Work item: Repeat exactly the line that contains "12 września, uczniowie" and every line after it, down to the last line of the entries below. Do not include pictures.

Dataset entries:

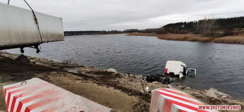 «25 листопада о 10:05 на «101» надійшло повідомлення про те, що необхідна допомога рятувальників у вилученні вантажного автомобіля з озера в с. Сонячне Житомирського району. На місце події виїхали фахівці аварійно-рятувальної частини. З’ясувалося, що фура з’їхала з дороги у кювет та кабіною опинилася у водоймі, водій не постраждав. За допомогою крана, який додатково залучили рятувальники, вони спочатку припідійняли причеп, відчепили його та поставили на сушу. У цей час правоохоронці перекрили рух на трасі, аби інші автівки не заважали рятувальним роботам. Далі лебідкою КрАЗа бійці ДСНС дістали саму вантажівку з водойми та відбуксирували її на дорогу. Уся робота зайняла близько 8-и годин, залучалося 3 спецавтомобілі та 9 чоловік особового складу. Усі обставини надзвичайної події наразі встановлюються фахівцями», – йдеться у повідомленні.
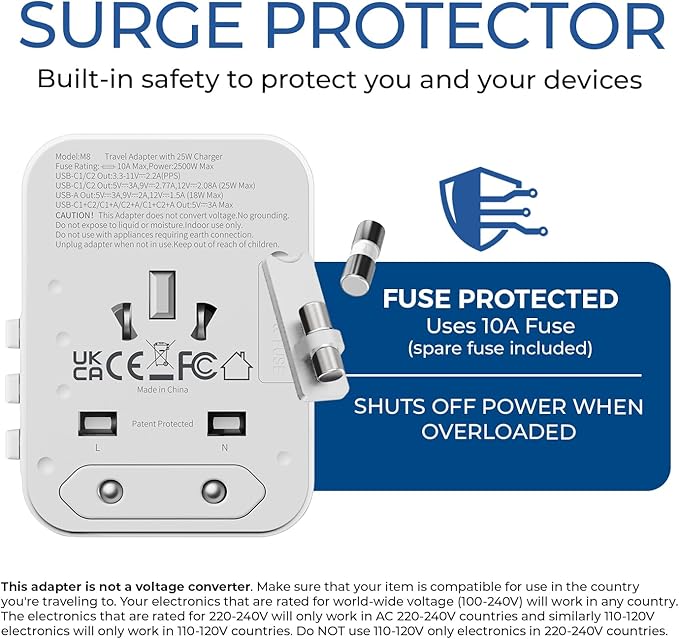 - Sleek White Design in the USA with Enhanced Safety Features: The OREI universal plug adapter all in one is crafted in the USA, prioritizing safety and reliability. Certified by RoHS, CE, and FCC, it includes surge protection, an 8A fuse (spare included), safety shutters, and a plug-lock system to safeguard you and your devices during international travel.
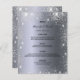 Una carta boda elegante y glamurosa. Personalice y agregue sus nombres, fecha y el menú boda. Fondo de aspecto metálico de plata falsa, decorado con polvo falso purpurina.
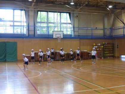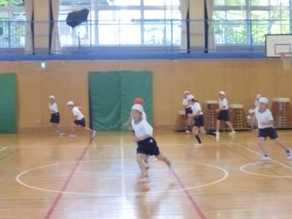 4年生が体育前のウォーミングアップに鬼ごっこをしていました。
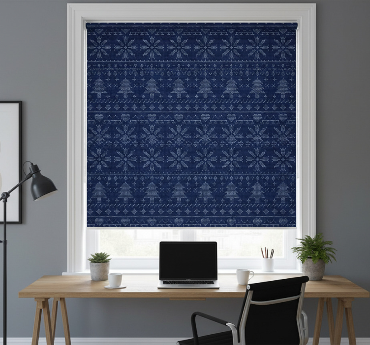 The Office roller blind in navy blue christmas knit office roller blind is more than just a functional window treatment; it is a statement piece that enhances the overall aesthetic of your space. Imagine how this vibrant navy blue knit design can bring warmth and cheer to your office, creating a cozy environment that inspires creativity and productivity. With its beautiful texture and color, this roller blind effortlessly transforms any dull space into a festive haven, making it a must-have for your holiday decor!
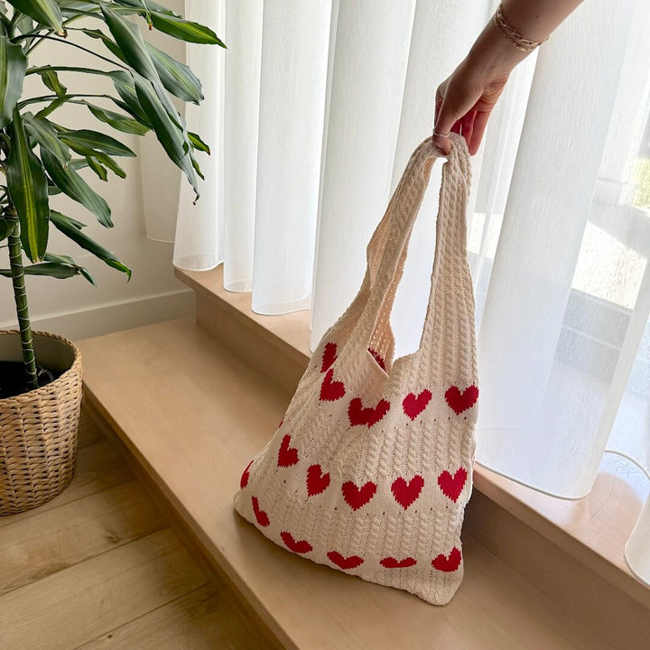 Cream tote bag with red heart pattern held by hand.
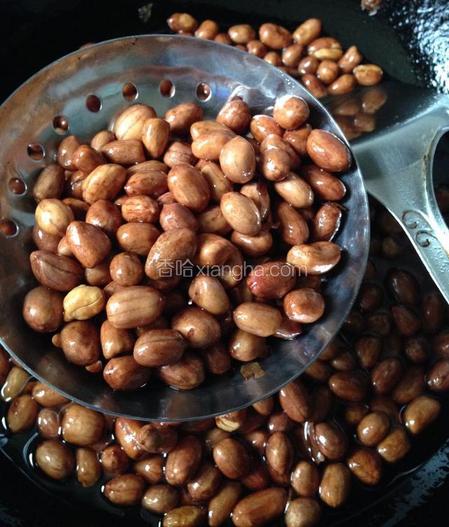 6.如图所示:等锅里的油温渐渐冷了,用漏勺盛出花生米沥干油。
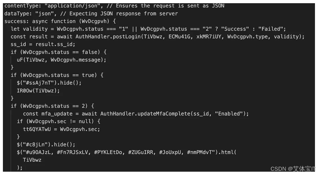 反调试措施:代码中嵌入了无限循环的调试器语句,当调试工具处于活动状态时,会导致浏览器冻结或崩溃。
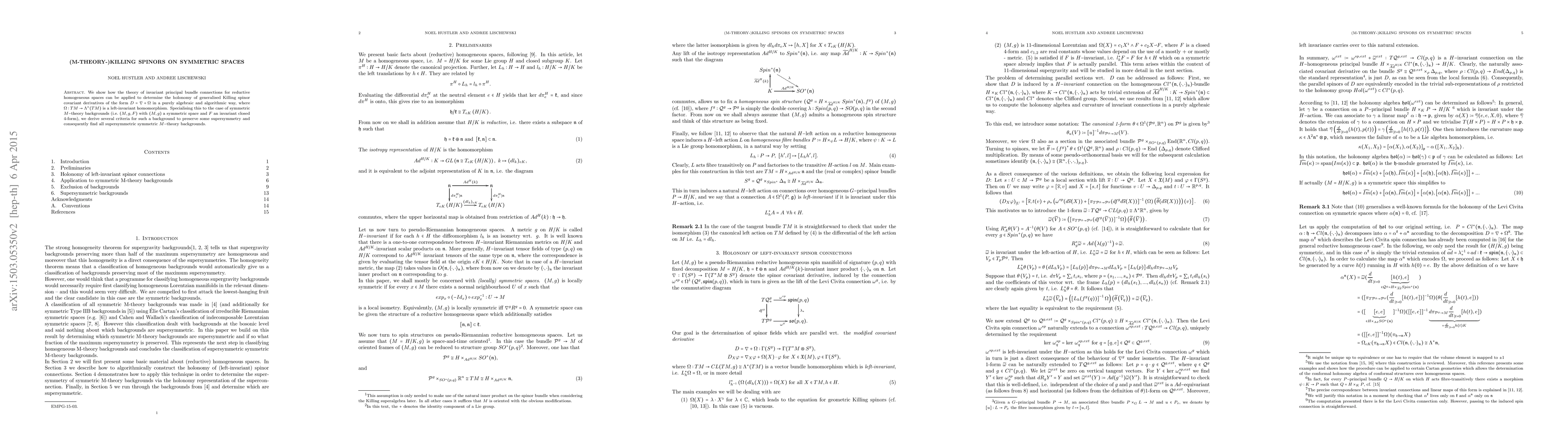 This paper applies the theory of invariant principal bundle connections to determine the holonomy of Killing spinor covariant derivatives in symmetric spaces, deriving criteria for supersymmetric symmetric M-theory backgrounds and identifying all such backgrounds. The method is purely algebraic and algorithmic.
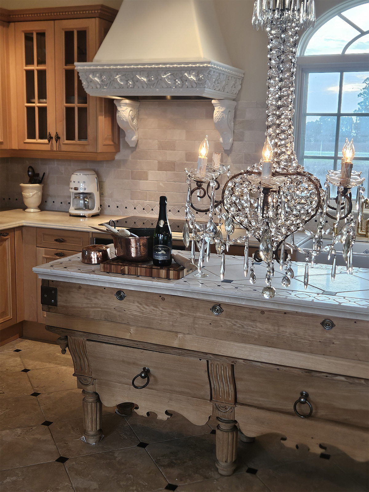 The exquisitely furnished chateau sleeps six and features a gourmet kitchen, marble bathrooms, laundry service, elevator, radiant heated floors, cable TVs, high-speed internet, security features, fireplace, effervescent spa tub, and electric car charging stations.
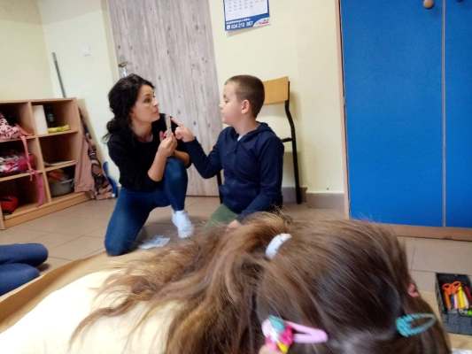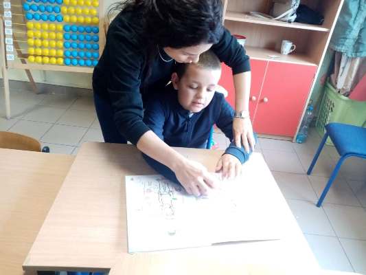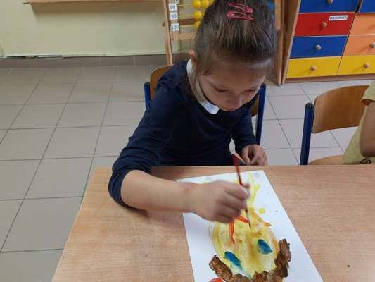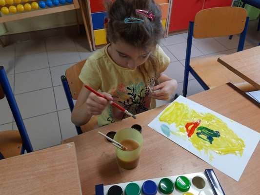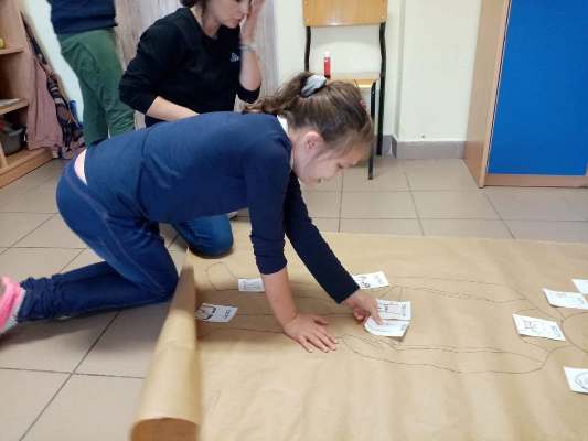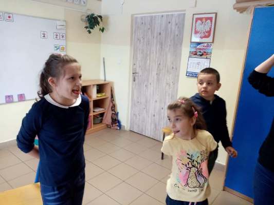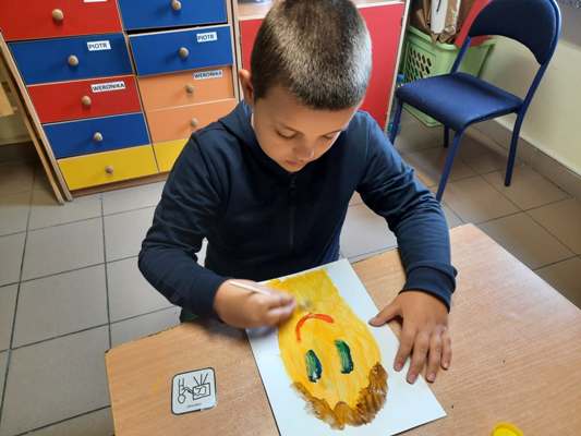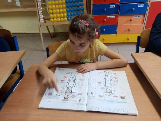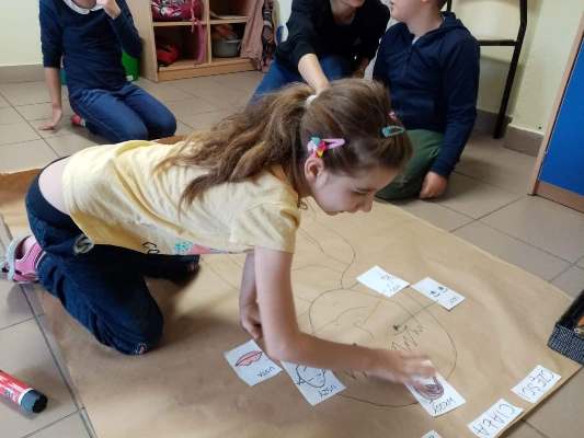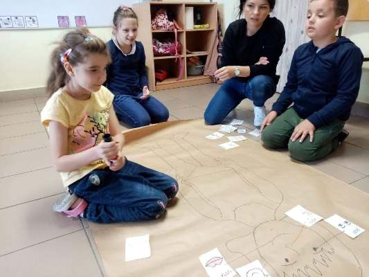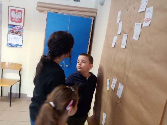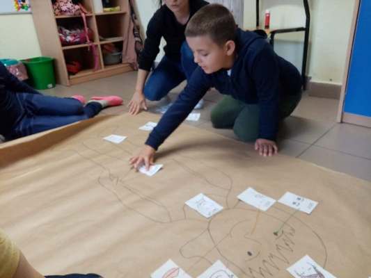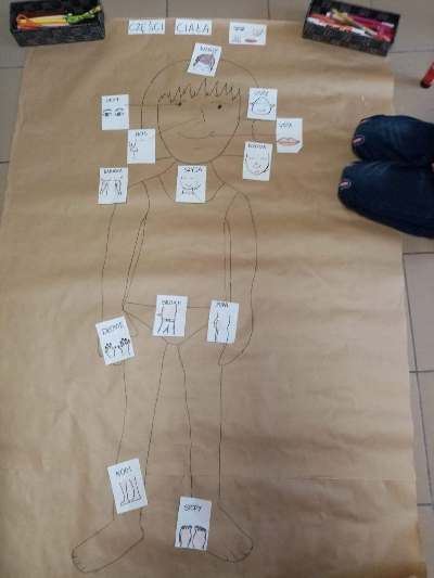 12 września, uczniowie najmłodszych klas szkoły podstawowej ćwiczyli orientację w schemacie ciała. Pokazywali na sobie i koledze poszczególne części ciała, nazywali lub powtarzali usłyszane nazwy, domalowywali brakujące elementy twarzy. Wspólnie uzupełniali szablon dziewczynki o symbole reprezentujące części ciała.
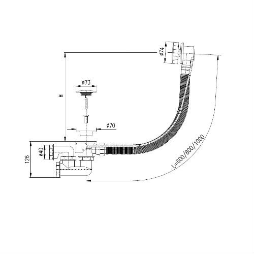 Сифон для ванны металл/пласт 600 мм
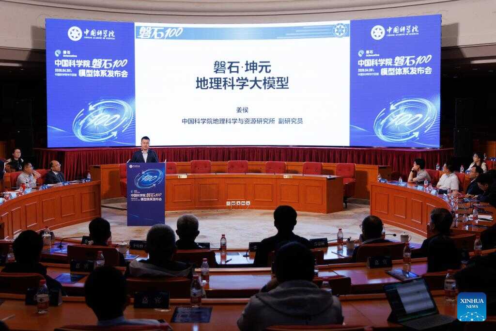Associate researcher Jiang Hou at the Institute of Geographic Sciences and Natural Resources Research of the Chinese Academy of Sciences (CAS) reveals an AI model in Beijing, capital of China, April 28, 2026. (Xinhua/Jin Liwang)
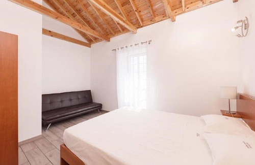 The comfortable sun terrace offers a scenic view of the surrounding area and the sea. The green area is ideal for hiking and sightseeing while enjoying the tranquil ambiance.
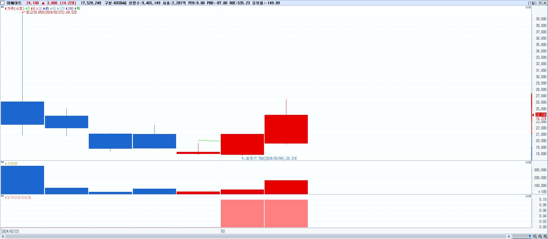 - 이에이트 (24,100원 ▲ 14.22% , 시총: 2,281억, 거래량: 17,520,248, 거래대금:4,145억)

The answer:
 12 września, uczniowie najmłodszych klas szkoły podstawowej ćwiczyli orientację w schemacie ciała. Pokazywali na sobie i koledze poszczególne części ciała, nazywali lub powtarzali usłyszane nazwy, domalowywali brakujące elementy twarzy. Wspólnie uzupełniali szablon dziewczynki o symbole reprezentujące części ciała.
 Сифон для ванны металл/пласт 600 мм
Associate researcher Jiang Hou at the Institute of Geographic Sciences and Natural Resources Research of the Chinese Academy of Sciences (CAS) reveals an AI model in Beijing, capital of China, April 28, 2026. (Xinhua/Jin Liwang)
 The comfortable sun terrace offers a scenic view of the surrounding area and the sea. The green area is ideal for hiking and sightseeing while enjoying the tranquil ambiance.
 - 이에이트 (24,100원 ▲ 14.22% , 시총: 2,281억, 거래량: 17,520,248, 거래대금:4,145억)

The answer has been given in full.